I have a request. I would like for all of you to please stop putting your video game hacks on the web. If you want to spent your spare time pretending to be a programmer, that's fine. Everyone should have a hobby. I just don't see why the rest of us should have to be subjected to your creativity.

Example number 1 is Knuckio. Based on the name, I think this is Knuckles in Super Mario Bros. Based on the visuals, I'm not so sure. Knuckles kinda looks like a dog to me. Yup, that's Clifford. Clifford the Big Red Dog is in the Mushroom Kingdom. And here's a tip for all you would-be hackers out there: change the text too. Look at the score. Mario has 6,150 points. How'd he get those points? I haven't even seen him anywhere in this game. And how many points does Clifford have?

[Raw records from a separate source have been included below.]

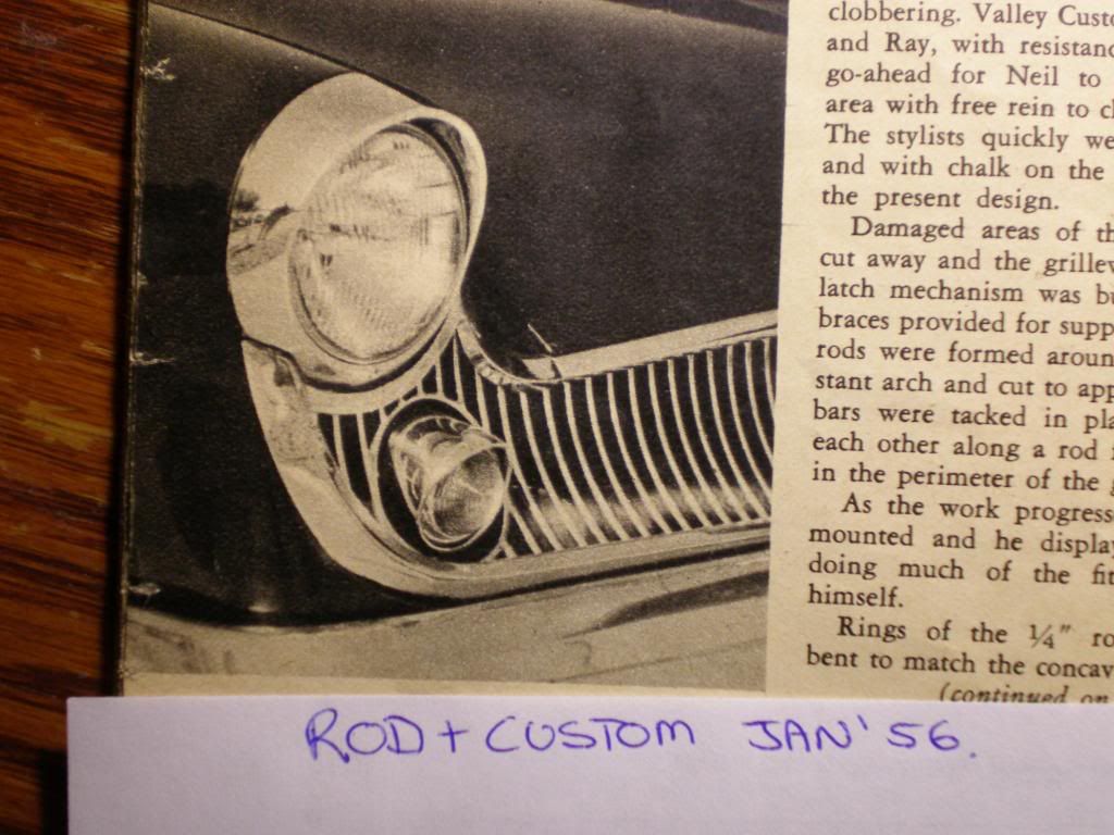 Another 53 custom. According to the article, the grill was totally fabricated from steel bar stock. The doors have electric solenoids to replace the door handles...pretty hightech for the day. The car's original front end was in an accident, hence the custom reconstruction. Looks like superb workmanship, but still wonder why bother...the 53 Studebaker grill looks like it was a custom job right out of the factory, and it's a pretty tough job to improve it beyond removing the script. Kinda looks like some 'code N' jumped on a 53 at the factory. Thought maybe Stude backup lights were used as signal lights but the text said they're Chevy park lights. Junior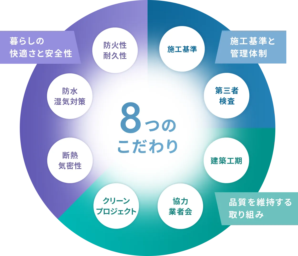 大英CODATEでは、全現場に専属の設計担当・監督を配置。8つのこだわりを掲げ、指針のない建築工程・造成工事にも独自の基準を設けて検査・施工を行っています。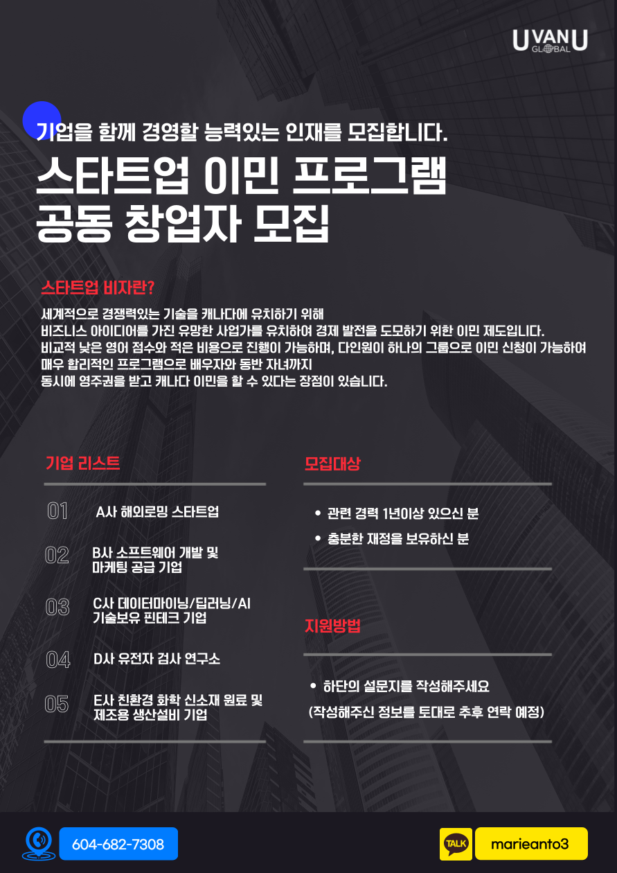 스타트업 비자 프로그램은 혁신적인 스타트업 기업과 인재를 유치하기 위한 캐나다 연방 정부의 영주권 프로그램으로

Open your eyes, Toad. That's not Mario. It's Clifford. I know they're both red, but they look nothing alike. Mario is a plumber. Clifford is a Big Red Dog. Not as big as you right now. But just wait. Next level he'll find a power-up. While he's doing that, maybe you can do something useful for once and figure out which castle the princess is actually in.

Speaking of power-ups, what the hell is this thing? Flaming toaster? Box of Kleenex? It replaces the flower. I never understood how eating a flower would give you the ability to shoot fireballs anyway, so I guess a flaming toaster is actually an improvement. That's one point for you, lazy hacker! Now do us all a favor and quit.